Task data
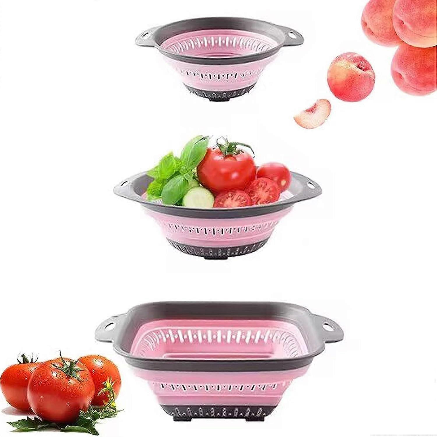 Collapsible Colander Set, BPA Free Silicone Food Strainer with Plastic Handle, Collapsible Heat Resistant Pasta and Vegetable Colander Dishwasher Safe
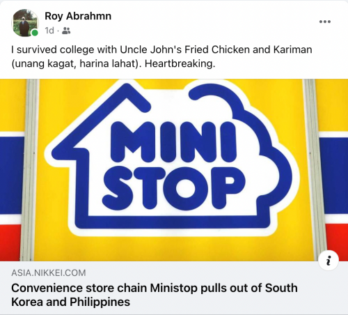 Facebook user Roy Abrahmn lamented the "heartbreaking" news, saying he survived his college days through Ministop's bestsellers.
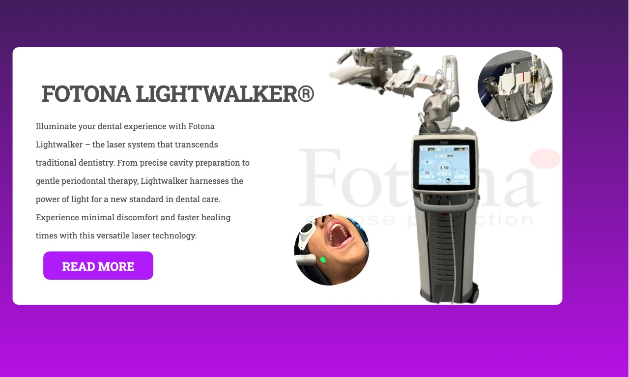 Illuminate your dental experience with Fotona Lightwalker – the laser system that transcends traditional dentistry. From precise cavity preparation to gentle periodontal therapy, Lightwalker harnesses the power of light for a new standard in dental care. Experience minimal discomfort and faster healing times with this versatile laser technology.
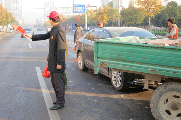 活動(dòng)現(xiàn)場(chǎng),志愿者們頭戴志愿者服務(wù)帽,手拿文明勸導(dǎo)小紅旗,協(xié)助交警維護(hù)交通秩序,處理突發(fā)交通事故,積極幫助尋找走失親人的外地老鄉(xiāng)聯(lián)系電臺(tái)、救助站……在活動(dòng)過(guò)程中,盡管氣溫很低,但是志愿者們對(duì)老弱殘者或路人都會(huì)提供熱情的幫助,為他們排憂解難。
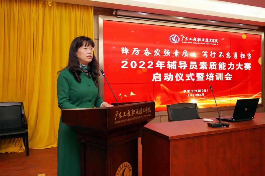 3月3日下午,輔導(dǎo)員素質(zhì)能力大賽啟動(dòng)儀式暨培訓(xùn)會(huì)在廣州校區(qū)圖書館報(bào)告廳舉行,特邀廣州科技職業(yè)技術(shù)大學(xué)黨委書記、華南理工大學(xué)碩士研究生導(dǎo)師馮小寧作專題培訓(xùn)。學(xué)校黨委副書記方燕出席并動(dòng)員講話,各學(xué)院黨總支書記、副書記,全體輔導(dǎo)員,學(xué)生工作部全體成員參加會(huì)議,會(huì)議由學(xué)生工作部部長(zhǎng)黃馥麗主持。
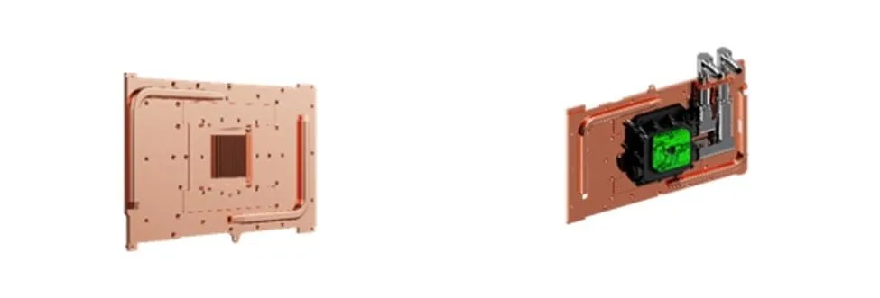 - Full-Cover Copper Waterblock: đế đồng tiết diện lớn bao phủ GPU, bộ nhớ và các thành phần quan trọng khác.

...

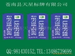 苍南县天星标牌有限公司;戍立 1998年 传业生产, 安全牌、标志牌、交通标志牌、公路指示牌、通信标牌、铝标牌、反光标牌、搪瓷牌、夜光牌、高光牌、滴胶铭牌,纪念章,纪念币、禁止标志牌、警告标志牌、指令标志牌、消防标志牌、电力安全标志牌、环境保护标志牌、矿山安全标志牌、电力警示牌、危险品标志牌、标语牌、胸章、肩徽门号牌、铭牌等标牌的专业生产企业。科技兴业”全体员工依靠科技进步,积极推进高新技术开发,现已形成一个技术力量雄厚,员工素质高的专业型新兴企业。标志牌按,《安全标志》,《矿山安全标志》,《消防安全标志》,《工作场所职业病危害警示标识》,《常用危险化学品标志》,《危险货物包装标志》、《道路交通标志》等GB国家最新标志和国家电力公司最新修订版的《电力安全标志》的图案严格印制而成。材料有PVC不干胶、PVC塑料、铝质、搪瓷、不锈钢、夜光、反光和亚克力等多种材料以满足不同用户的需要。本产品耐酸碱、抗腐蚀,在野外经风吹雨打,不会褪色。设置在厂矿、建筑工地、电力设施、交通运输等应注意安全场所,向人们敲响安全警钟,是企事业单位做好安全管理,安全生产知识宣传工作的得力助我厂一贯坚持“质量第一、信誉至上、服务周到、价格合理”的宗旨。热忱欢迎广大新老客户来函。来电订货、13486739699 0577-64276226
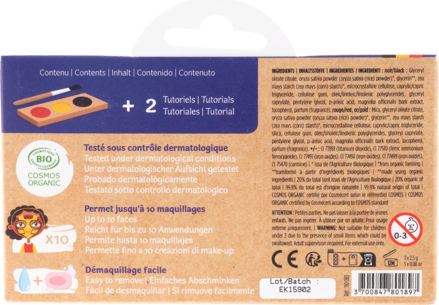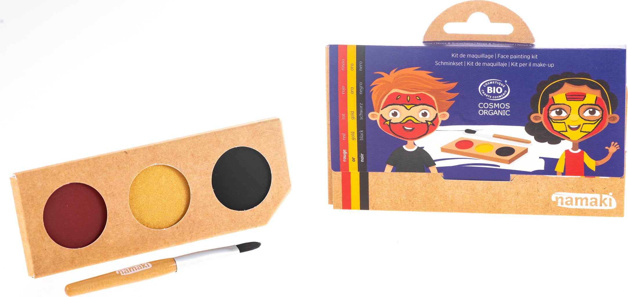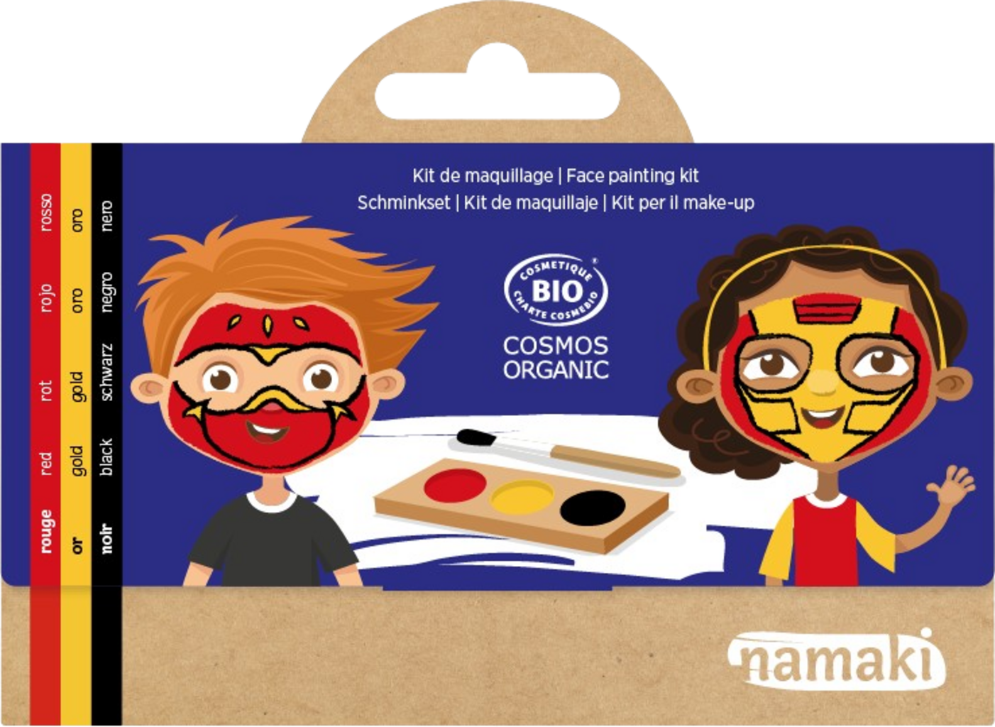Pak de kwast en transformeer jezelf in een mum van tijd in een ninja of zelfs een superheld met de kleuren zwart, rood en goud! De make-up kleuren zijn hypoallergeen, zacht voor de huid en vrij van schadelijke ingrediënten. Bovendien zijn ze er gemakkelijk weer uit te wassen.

About this exercise
Starting at the line above that has "Collapsible Colander Set, BPA" and ending at the line that has "- Full-Cover Copper", copy each line exactly, leaving the pictures out and adding nothing.

Answer
 Collapsible Colander Set, BPA Free Silicone Food Strainer with Plastic Handle, Collapsible Heat Resistant Pasta and Vegetable Colander Dishwasher Safe
 Facebook user Roy Abrahmn lamented the "heartbreaking" news, saying he survived his college days through Ministop's bestsellers.
 Illuminate your dental experience with Fotona Lightwalker – the laser system that transcends traditional dentistry. From precise cavity preparation to gentle periodontal therapy, Lightwalker harnesses the power of light for a new standard in dental care. Experience minimal discomfort and faster healing times with this versatile laser technology.
 活動(dòng)現(xiàn)場(chǎng),志愿者們頭戴志愿者服務(wù)帽,手拿文明勸導(dǎo)小紅旗,協(xié)助交警維護(hù)交通秩序,處理突發(fā)交通事故,積極幫助尋找走失親人的外地老鄉(xiāng)聯(lián)系電臺(tái)、救助站……在活動(dòng)過(guò)程中,盡管氣溫很低,但是志愿者們對(duì)老弱殘者或路人都會(huì)提供熱情的幫助,為他們排憂解難。
 3月3日下午,輔導(dǎo)員素質(zhì)能力大賽啟動(dòng)儀式暨培訓(xùn)會(huì)在廣州校區(qū)圖書館報(bào)告廳舉行,特邀廣州科技職業(yè)技術(shù)大學(xué)黨委書記、華南理工大學(xué)碩士研究生導(dǎo)師馮小寧作專題培訓(xùn)。學(xué)校黨委副書記方燕出席并動(dòng)員講話,各學(xué)院黨總支書記、副書記,全體輔導(dǎo)員,學(xué)生工作部全體成員參加會(huì)議,會(huì)議由學(xué)生工作部部長(zhǎng)黃馥麗主持。
 - Full-Cover Copper Waterblock: đế đồng tiết diện lớn bao phủ GPU, bộ nhớ và các thành phần quan trọng khác.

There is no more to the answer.